Kemurnian suatu zat ditentukan oleh beberapa sifat fisiknya yaitu titik leleh, kelarutan, titik didih, tekanan uap, densitas dan lain-lain. Sifat fisik adalah karakteristik zat yang bisa diamati dan diukur tanpa mengubah komposisi kimianya. Kelarutan adalah sifat zat padat apabila berhadapan dengan zat cair yang berfungsi sebagai pelarut. Pada temperatur tertentu jumlah zat yang bisa larut dalam sistem pelarut tertentu adalah spesifik (Svehla, 1979).
Metode rekristalisasi mencakup lima tahapan yaitu:
1.    Pemilihan pelarut
Pelarut yang terbaik adalah pelarut dimana senyawa yang dimurnikan hanya larut sedikit pada suhu kamar tetapi sangat larut pada suhu yang lebih tinggi, misal pada titik didih pelarut itu. Pelarut harus melarutkan secara mudah zat-zat pengotor dan mudah menguap, sehingga dapat dipisahkan secara mudah dari materi yang dimurnikan.

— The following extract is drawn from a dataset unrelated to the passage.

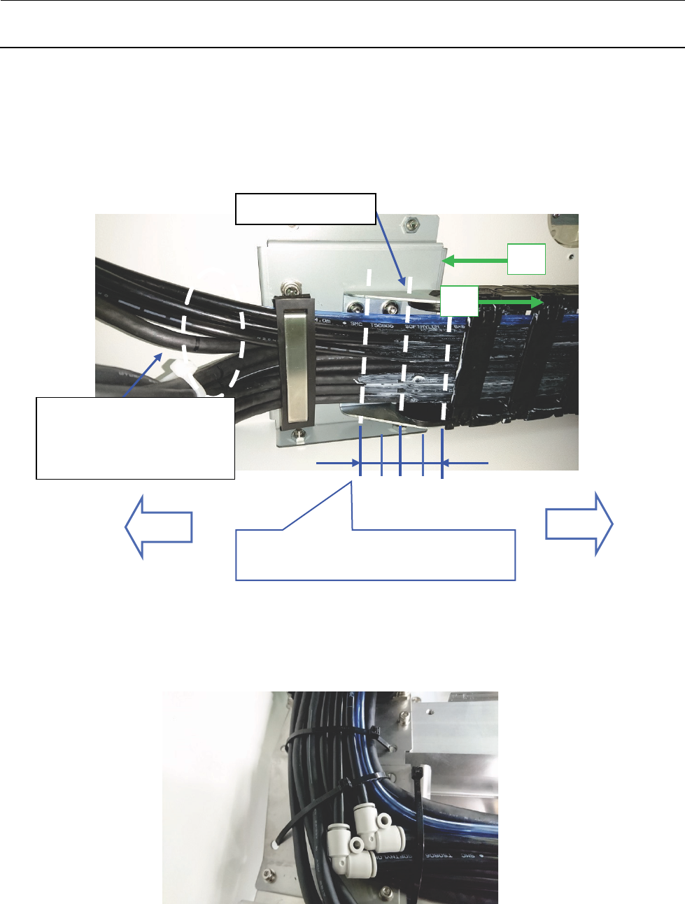 6) 调整线束,使 2 条记号的中间位置成为 Y 电缆拖链的端部(移动端部),予以固定。

Titik didih pelarut harus lebih rendah dari titik leleh padatan untuk mencegah pembentukan minyak.

2.    Kelarutan senyawa padat dalam pelarut panas
Padatan yang akan dimurnikan dilarutkan dalam sejumlah minimum pelarut panas. Pada titik didihnya, sedikit pelarut ditambahkan sampai terlihat bahwa tidak ada tambahan materi yang terlarut kagi. Hindari penambahan berlebih.
3.    Penyaringan larutan
Larutan jenuh yang telah dipanaskan selanjutnya disaring menggunakan kertas saring yang ditempatkan dalam suatu corong.
4.    Kristalisasi
Filtrat hasil penyaringan selanjutnya dibiarkan kering. Zat padat murni akan memisah sebagai kristal. Kristalisasi sempurna jika kristal yang terbentuk banyak. Larutan harus dalam keadaan jenuh karena jika larutan telah mencapai derajat saturasinya, maka di dalam zat padat akan terbentuk zat padat kristal. Apabila kristalisasi tidak terbentuk selama pendinginan filtrat dalam waktu cukup lama maka larutan harus dibuat lewat jenuh.
5.    Pemisahan dan pengeringan kristal
Kristal dipisahkan dari larutan induk dengan penyaringan. Penyaringan umumnya dilakukan dibawah tekanan menggunakan corong Buchner. Kristal yang telah tersaring dicuci dengan pelarut dingin murni untuk menghilangkan kotoran yang menempel. Kristal kemudian dikeringkan dengan menekan kertas saring atau dioven
(Keenan, 1992).
Larutan yang akan dikristalkan seharusnya tidak berwarna, namun jika terbentuk larutan berwarna padahal zat padatnya ternyata tak berwarna maka ke dalam larutan panas sebelum disaring ditambahkan norit (arang halus) atau arang aktif. Tidak semua zat warna dapat diserap arang dengan baik. Zat warna yang tidak terserap akan tetap tinggal dalam induk lindi tetapi akan hilang pada waktu pencucian dan penyaringan. Penggunaan norit tidak boleh diulangi apabila larutan masih berwarna dan jangan berlebihan sebab dapat menyerang senyawanya (Svehla, 1979).
Prinsip Kerja
Prinsip percobaan kali ini yaitu memurnikan senyawa organik berdasarkan teknik rekristalisasi yaitu perbedaan kelarutan pada zat pengotornya serta pemilihan pelarut yang sesuai dengan sampel.
Alat
Tabung reaksi, pipet tetes, penangas air, erlenmeyer, corong buchner, timbangan, alat penentu titik leleh, kapiler.
Bahan
Etanol 95%, etil asetat, aseton, toluena, n-heksana, aquades, kertas saring.
Prosedur Kerja
Prosedur kerja percobaan ini adalah:
A.  Pemilihan Pelarut
1.    Masukkan masing-masing 0,05 g sampel yang telah dihaluskan kedalam 6 tabung reaksi.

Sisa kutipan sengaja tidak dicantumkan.